Monitoring an Octez Node#

Monitoring the behavior of an Octez node can be partially achieved by exploring the logs or, more efficiently, through the RPC server. The use of RPCs is detailed in the RPC documentation and the RPC references.

Most practically, however, is to use Octez Metrics to gather information and statistics, which has been integrated directly into the node since Octez version 14. Users are now able to get metrics without using an external tool, such as tezos-metrics (which is now deprecated). The node now includes a server that registers the implemented metrics and outputs them for each received /metrics http request. So now you can configure and launch your node with a metrics exporter.

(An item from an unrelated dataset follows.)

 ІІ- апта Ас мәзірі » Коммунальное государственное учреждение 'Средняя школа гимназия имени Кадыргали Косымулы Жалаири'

Starting a node with monitoring#

Metrics for the node are always available on the /metrics endpoint of the address and port of the --rpc-addr (or --external-rpc-addr) argument. One can query this using:

curl http://<rpc_addr>:<rpc_port>/metrics

Alternatively, the user has an option to gather metrics when no RPC server is setup at all, or when they want a dedicated server for this process.

Starting metrics server manually#

The node can be started with its metrics exporter with the option --metrics-addr which takes as a parameter <ADDR>:<PORT> or <ADDR> or :<PORT>.

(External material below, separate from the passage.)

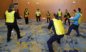 活动在欢快热烈的氛围中拉开序幕。“破冰热身”环节通过“开火车”分组、“拍拍操”热身、“解手链”协作等互动游戏,迅速打破部门与岗位间的隔阂。全体成员分为四支充满活力的队伍,各队民主推选队长,精心设计队名与口号,并以充满创意的“定格拍”点燃全场热情,初步建立起紧密的团队联结。

<ADDR> and <PORT> are respectively the address and the port on which to expose the metrics. By default, <ADDR> is localhost and <PORT> is 9932.

octez-node run --metrics-addr=<ADDR>:<PORT> 

Note that it is possible to serve metrics on several addresses by using the option more than once.

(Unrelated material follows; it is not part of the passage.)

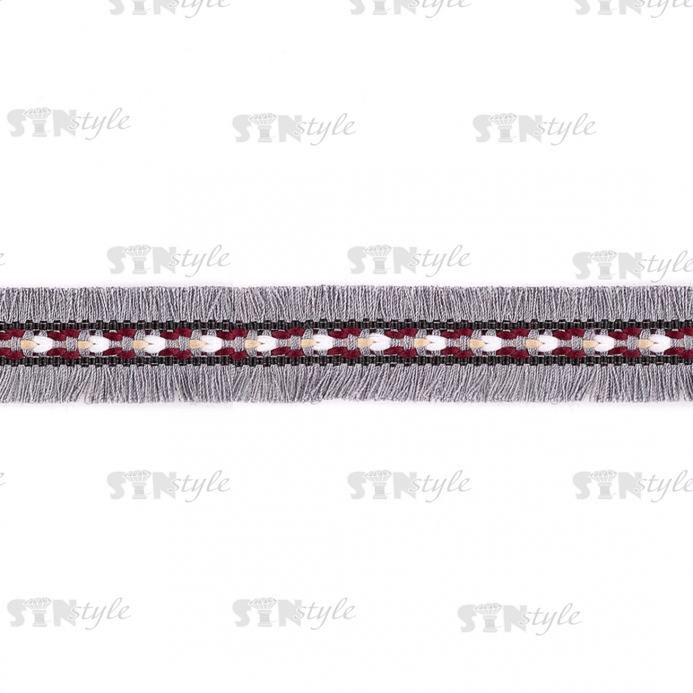 Декоративная тесьма букле с бахромой, цвет серый, ширина 25 мм, намотка 45 ярдов

You can also add this configuration to your persistent configuration file through the command line:

octez-node config init --metrics-addr=<ADDR>:<PORT> ...

#Or if the configuration file already exists
octez-node config update --metrics-addr=<ADDR>:<PORT> ...

See the documentation of the node configuration for more information.

A correct setup should write an entry in the logs similar to:

<date> - node.main: starting metrics server on <addr>:<port>

As some metrics (i.e. node internal metrics) are issued by the node only, some metrics accessible on the external RPC process metrics server may lack some data. It is therefore the duty of the user to aggregate both metrics if needed.

Gathering data#

Scraping Octez Metrics#

Once your node is correctly set up to export metrics, you can scrape them by querying the metrics server of your node with the request /metrics.

Ex.:

curl http://<node_addr>:<port>/metrics

You will be presented with the list of defined and computed metrics as follows:

#HELP metric description
#TYPE metric type
octez_metric_name{label_name=label_value} x.x

The metrics that can be exposed by the node can be listed with the command:

octez-node dump-metrics

Version 14 of Octez exports metrics from various components of the node, namely:

Each exported metric has the following form:

octez_subsystem_metric{label_name=label_value;...} value

Each metric name starts with octez as its namespace, followed by the a subsystem name, which is the section of the node described by the metric. It follows the OpenMetrics specification described here

A metric may provide labeled parameters which allow for different instances of the metric, with different label values. For instance, the metric octez_distributed_db_requester_table_length has a label name requester_kind which allows this metric to have one value for each kind of requester.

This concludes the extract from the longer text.